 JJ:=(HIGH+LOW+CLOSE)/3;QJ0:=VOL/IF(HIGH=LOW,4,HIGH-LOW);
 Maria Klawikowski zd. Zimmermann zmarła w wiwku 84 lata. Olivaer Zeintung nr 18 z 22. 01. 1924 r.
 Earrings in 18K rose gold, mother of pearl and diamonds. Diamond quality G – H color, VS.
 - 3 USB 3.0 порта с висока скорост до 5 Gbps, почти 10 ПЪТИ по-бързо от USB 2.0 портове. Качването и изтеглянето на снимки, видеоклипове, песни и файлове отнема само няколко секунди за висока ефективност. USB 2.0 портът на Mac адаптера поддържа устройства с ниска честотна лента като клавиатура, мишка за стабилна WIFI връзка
============
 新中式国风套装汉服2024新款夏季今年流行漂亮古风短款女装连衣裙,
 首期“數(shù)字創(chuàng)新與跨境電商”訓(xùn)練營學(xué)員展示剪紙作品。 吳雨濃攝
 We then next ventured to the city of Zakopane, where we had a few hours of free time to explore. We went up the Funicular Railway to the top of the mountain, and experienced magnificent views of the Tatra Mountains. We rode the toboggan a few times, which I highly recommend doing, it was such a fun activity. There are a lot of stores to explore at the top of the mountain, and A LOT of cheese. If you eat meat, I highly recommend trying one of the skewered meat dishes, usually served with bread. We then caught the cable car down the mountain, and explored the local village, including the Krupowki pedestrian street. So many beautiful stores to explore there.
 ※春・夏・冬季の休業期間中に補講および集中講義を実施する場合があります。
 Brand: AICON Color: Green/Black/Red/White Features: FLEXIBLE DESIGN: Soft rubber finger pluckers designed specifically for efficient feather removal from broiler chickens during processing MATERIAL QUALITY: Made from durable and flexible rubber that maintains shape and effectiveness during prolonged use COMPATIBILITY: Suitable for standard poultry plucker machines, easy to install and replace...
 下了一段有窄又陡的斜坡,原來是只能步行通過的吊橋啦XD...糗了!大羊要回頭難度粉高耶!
============
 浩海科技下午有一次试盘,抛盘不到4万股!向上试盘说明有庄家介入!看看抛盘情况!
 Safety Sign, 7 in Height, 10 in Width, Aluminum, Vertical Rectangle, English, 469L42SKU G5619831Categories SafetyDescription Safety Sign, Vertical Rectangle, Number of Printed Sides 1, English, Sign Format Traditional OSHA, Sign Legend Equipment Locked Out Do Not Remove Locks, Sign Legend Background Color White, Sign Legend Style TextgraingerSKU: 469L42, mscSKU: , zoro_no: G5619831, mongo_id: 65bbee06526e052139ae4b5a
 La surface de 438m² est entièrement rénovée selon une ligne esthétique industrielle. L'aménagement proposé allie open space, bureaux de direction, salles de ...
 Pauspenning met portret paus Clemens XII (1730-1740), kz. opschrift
============
• _Task statement_: Take the stretch of lines above from the one containing "We then next" through the one containing "下了一段有窄又陡的斜坡,原來" and repeat it exactly, adding no other line.

• _Final answer_:
 We then next ventured to the city of Zakopane, where we had a few hours of free time to explore. We went up the Funicular Railway to the top of the mountain, and experienced magnificent views of the Tatra Mountains. We rode the toboggan a few times, which I highly recommend doing, it was such a fun activity. There are a lot of stores to explore at the top of the mountain, and A LOT of cheese. If you eat meat, I highly recommend trying one of the skewered meat dishes, usually served with bread. We then caught the cable car down the mountain, and explored the local village, including the Krupowki pedestrian street. So many beautiful stores to explore there.
 ※春・夏・冬季の休業期間中に補講および集中講義を実施する場合があります。
 Brand: AICON Color: Green/Black/Red/White Features: FLEXIBLE DESIGN: Soft rubber finger pluckers designed specifically for efficient feather removal from broiler chickens during processing MATERIAL QUALITY: Made from durable and flexible rubber that maintains shape and effectiveness during prolonged use COMPATIBILITY: Suitable for standard poultry plucker machines, easy to install and replace...
 下了一段有窄又陡的斜坡,原來是只能步行通過的吊橋啦XD...糗了!大羊要回頭難度粉高耶!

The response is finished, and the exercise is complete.